Eparpillements, Natalie Clifford Barney (par Luc-André Sagne)
Ecrit par Luc-André Sagne 16.11.20 dans La Une Livres, Les Livres, Critiques, Essais
Eparpillements, Natalie Clifford Barney, éditions de La Coopérative, mars 2020, 80 pages, 12 €
Rien n’est plus indispensable aujourd’hui que de pouvoir s’immerger dans un bain d’intelligence, d’humour et de liberté. Et c’est encore possible en lisant un petit livre d’une belle densité que rééditent avec bonheur les éditions de La Coopérative, au catalogue aussi original que varié. Je veux parler d’Eparpillements de Natalie Clifford Barney, avec une préface et de rares photographies de Jean Chalon, l’un des intimes de l’auteur.
Eparpillements se présente comme un ensemble de pensées, d’aphorismes ou de maximes répartis en cinq chapitres, que publie en 1910 une Américaine parfaitement francophone installée à Paris, Natalie Clifford Barney. Connue pour ses nombreuses liaisons féminines, muse de célébrités comme Liane de Pougy ou de la poète Renée Vivien, ou encore de la peintre Romaine Brooks, elle accède, avec cet ouvrage, à la reconnaissance des milieux littéraires grâce à l’adoubement du plus grand critique de l’époque, Remy de Gourmont, qui écrira pour elle ses Lettres à l’Amazone.

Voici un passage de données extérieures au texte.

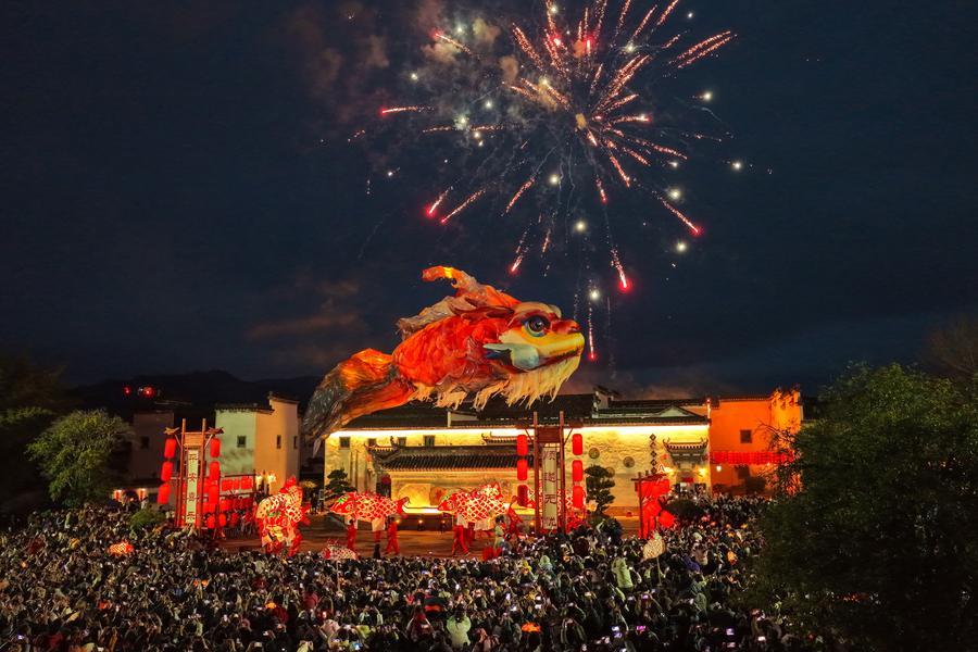 2月27日、唐模古村で「魚灯」のパフォーマンスを観賞する観光客。(黄山=新華社記者/杜宇)

Femme, amante, écrivaine, elle n’a pas son pareil, en effet, pour nouer un paradoxe, lancer une boutade, nous faire sentir l’ironie d’une situation ou d’un comportement. Ainsi, « les amants devraient avoir aussi des jours de sortie », ou bien « comme d’autres ont besoin d’ivresses, j’ai besoin de plein air : adieu ». C’est souvent brillant, à la manière d’un Oscar Wilde (« Être infidèle à ceux qu’on aime, pour ne pas laisser devenir habituel leur charme »), parfois cinglant (« Ne pas craindre de survivre à ses morts, mais de se survivre »), toujours lucide et personnel.
Car celle qui nous a laissé romans et souvenirs se veut avant tout une femme libre, indépendante de corps et d’esprit, en lutte contre l’asservissement de bien des femmes de son temps, amante passionnée, écrivaine douée qui n’est pas dupe des miroirs que lui tend la société ni de la comédie de l’amour : « Votre gloire peut dépendre d’un seul qui vous écoute » et « on aime d’amour ceux qu’on ne peut aimer autrement ».

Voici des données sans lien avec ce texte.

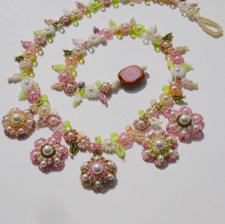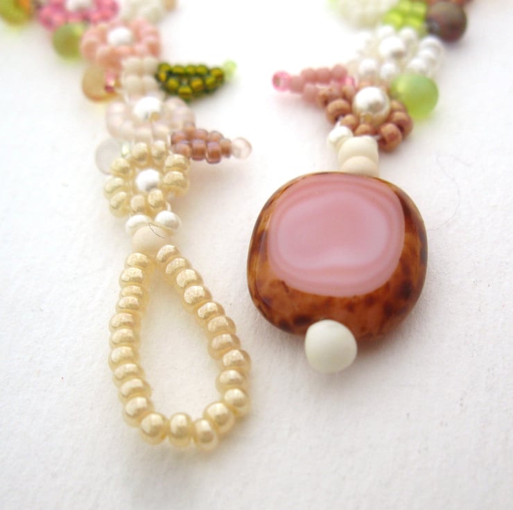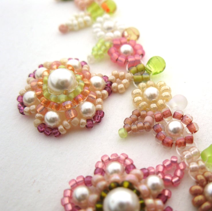 A beadwoven flowery necklace in delicate shades of pink, peach, cream and white with touches of lime green and lots of shiny white faux pearls. Hand stitched to my own design from glass seed and drop beads and fastened with a pink glass bead and a beaded loop. The necklace measures approx. 40cm long and has five flower pendants hanging from a 'daisy chain' of tiny beaded flowers and leaves. It's light and comfortable to wear and since it's entirely metal-free there is no worry about allergies.

Eparpillements peut se lire de la sorte à plusieurs niveaux, preuve s’il en était besoin de sa richesse. On y trouve des conduites de vie, des enseignements sur l’amour, des leçons de moraliste aussi que n’aurait pas reniées un La Rochefoucauld : « L’affinement de la souffrance : sourire ». Et des remarques d’un humour corrosif qui n’épargnent ni les artistes en général (de ceux qui « abîment toute réalité, qui l’affadissent, l’enjolivent à la rendre méconnaissable ») ni les critiques (« Non un critique, mais un précurseur de goûts et dégoûts à venir ? ») ni même les femmes (« collier de perles chaîne d’un symbole (…) perles doublement douloureuses, ayant, à parer tant de piètres demoiselles, perdu tout lien avec leurs origines mystérieuses »).

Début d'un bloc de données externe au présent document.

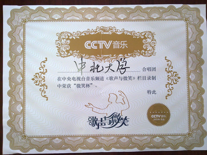 合唱团一行60人参加了中央电视台《歌声与微笑》节目的录制并获得“微笑杯”一等奖,再一次“唱响和谐旋律,展示中北风采”,为A片无码赢得了荣誉。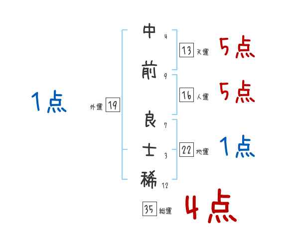 | 総運  | 中前良士稀さんの総運は35画の4つ星!温厚な性格で感受性が高い。穏和な性格で人望が厚い。あなたの人生を表す1番重要な運勢です。生涯を通じて影響する総合運となり、主に50歳以降の晩年期に影響を及ぼします。 |

Au fond, au fil des pages, se dessine la grande préoccupation de Natalie Clifford Barney, sa plus grande ambition, qui est de pouvoir se réaliser soi-même, se créer soi-même, hors de tous les déterminismes, de toutes les allégeances. Et c’est précisément l’objet de la dernière pensée de son recueil, qu’elle clôt ainsi : « La plus difficile des réalisations : soi-même ».
Luc-André Sagne
Natalie Clifford Barney (1876-1972) est une figure centrale du Paris littéraire et lesbien de la Belle Epoque. De ses œuvres disponibles, citons en particulier son roman, Amants féminins ou la troisième, réédité avec soin par les éditions ErosOnyx en 2013, et sa correspondance avec Liane de Pougy aux éditions Gallimard, sous la direction de Jean-Yves Tadié, en 2019.